This retrospective study examined the variables associated with SEI. Clinical, aneurysmal, and procedural factors were recorded and analyzed. These factors were as follows : age, sex, history of cigarette smoking, hypertension, diabetes mellitus, dyslipidemia, previous ischemic comorbidity, aneurysm size (maximum size), location, stent length, and procedure time. Additionally, we compared our results of SAC with those ofa simple coiling group during the same period to estimate the impact of NAS on the occurrence of SEI.
All statistical analyses were performed using IBM SPSS Statistics version 27 (IBM Corp, Armonk, NY, USA). Continuous variables are expressed as mean±standard deviation. The significance of differences between two groups was examined using Student’s t-test and Mann-Whitney test for continuous variables or chi square and Fisher’s exact test for categorical variables. A p-value of less than 0.05 for a 95% confidence interval (CI) was considered to be statistically significant.
A total of 96 aneurysms in 96 patients were included in this study (77.1% women, 22.9% men; mean age, 63.4±10.3 years). Characteristics of the study cohort are presented in Table 1. Most aneurysms (86.5%) were located in the anterior circulation, and the internal carotid artery was the most frequent location (56.2%). An aneurysm over 5 mm accounted for 55.2%, and the most frequently used stent was 4.5/21 mm (59.4%). Overall, 106 SEI lesions were observed in 48 (50%) of 96 patients. Of these 48 patients, 38 (79.2%) had 1–3 lesions and 10 patients (20.8%) had ≥4 lesions. Among 106 lesions, 74 lesions (69.8%) were <3 mm in diameter; 27 lesions (25.5%) had a diameter between 3 and 6 mm, and five lesions (4.7%) had a diameter >6 mm (Table 2). Fortunately, no symptomatic hemorrhage or infarction occurred in all patients. Patient and aneurysm characteristics according to the appearance of SEI lesions are shown in Table 3. Only older age (≥60 years) was significantly associated with SEI lesions (p=0.013). No significant association was found with respect to sex, diabetes mellitus, hypertension, dyslipidemia, ischemic heart disease, stent length, or procedure time. To compare volumes of SEI lesions between patients, the total volume of SEI lesions was determined (Table 4). The volume of SEI lesions was found to be significantly increased in older age (≥60 years, p=0.032), hypertension (p=0.036), and aneurysm size (≥5 mm, p=0.047). Procedure time and pre-interventional plavix reaction unit value had no significant effect on SEI volume.

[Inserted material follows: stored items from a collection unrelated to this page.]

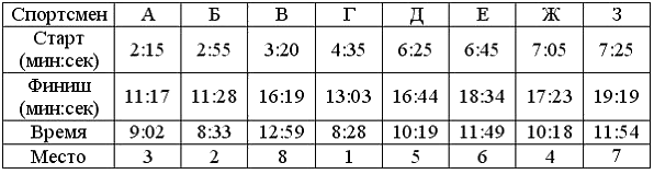 В соревнованиях по биатлону получен представленный таблицей протокол, в котором записано время старта и финиша спортсменов по секундомеру: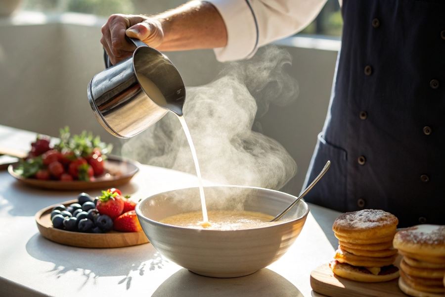 Wskazówka eksperta: Pierwszą porcję ciasta warto „poświęcić” na rozgrzanie i natłuszczenie patelni. Kolejne naleśniki będą już idealnie równe i złociste.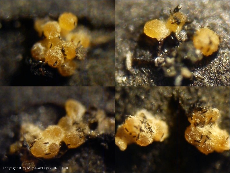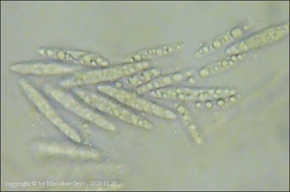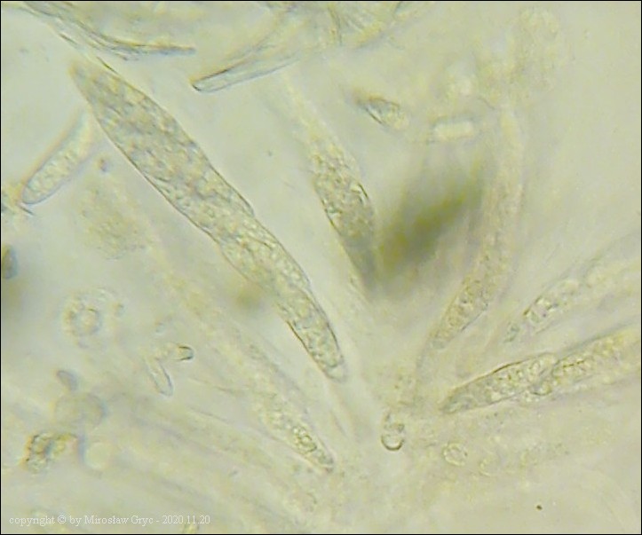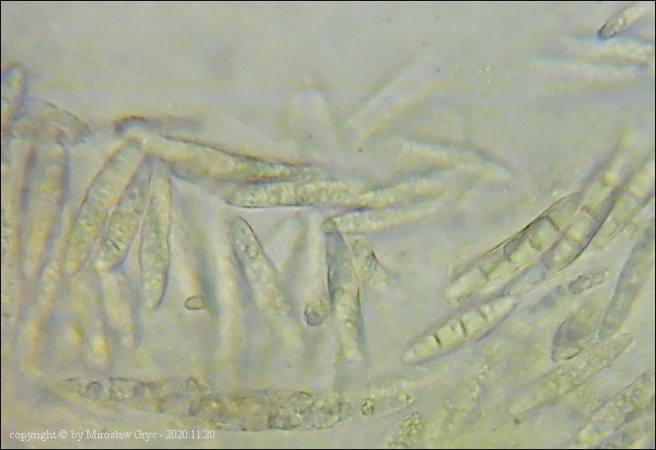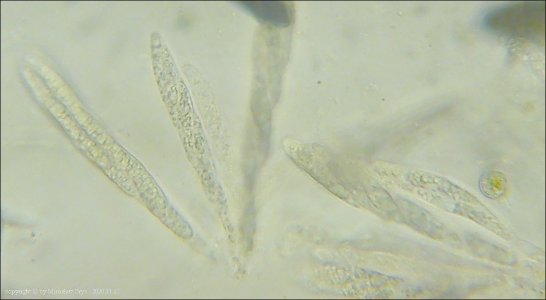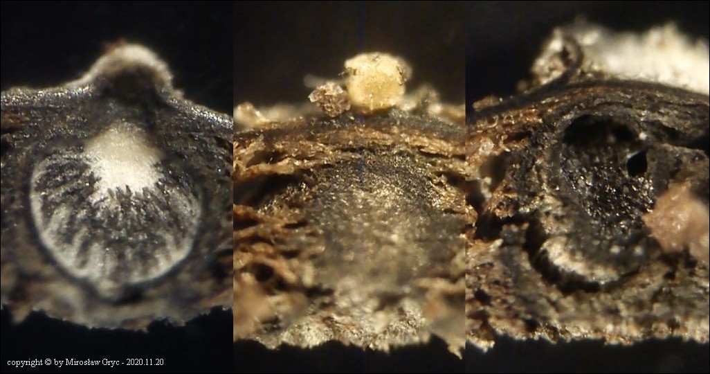 Substrat: Martwe gałęzie czeremchy (Prunus padus). Owocniki pasożytujące na podkładkach Massaria conspurcata.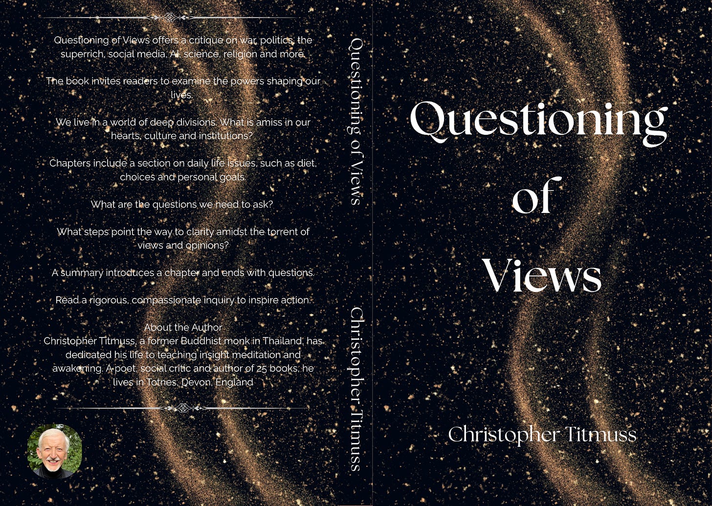 I have recently completed a new book titled QUESTIONING OF VIEWS (360 pages, book size 22.86 cm by 15.24 cm, 9 inches by 6 inches.

In the simple coiling group, 34 SEI lesions were detected in 16 (57.1%) of 28 patients. Among 34 lesions, 25 lesions (73.5%) were <3 mm in diameter; eight lesions (23.5%) had a diameter between 3 and 6 mm, and one lesion (2.9%) had a diameter >6 mm (Table 2). Like the SAC group, there was no ischemic lesion that caused neurologic symptom in the simple coiling group. The incidence and characteristics of SEI lesions in the simple coiling group were similar to those in the SAC group. Mean volumes of SEI lesions in the simple coiling group and the SAC groups were 34.20±59.59 mm3 and 31.83±47.40 mm3, respectively, showing no significant difference between the two (p=0.637, Table 2).
This study investigated the incidence and characteristics of SEI after NAS-assisted coiling for the treatment of UIAs and analyzed several risk factors according to the presence of SEI. The major finding of the study was that SEI lesions were observed in 48 (50%) of total 96 patients and among them, those who had 1–3 lesions accounted for 79.2%. In addition, 69.8% of SEI lesions were <3 mm in diameter. Fortunately, there were no SEI associated with symptom. Older age (≥60 years) was significantly associated with the occurrence of SEI. The volume of SEI lesions was found to be significantly increased in older age (≥60 years), hypertension, and larger aneurysm size (≥5 mm). Furthermore, when comparing the SAC group and the simple coiling group done during the same period, there was no significant difference in the incidence or mean volume of SEI.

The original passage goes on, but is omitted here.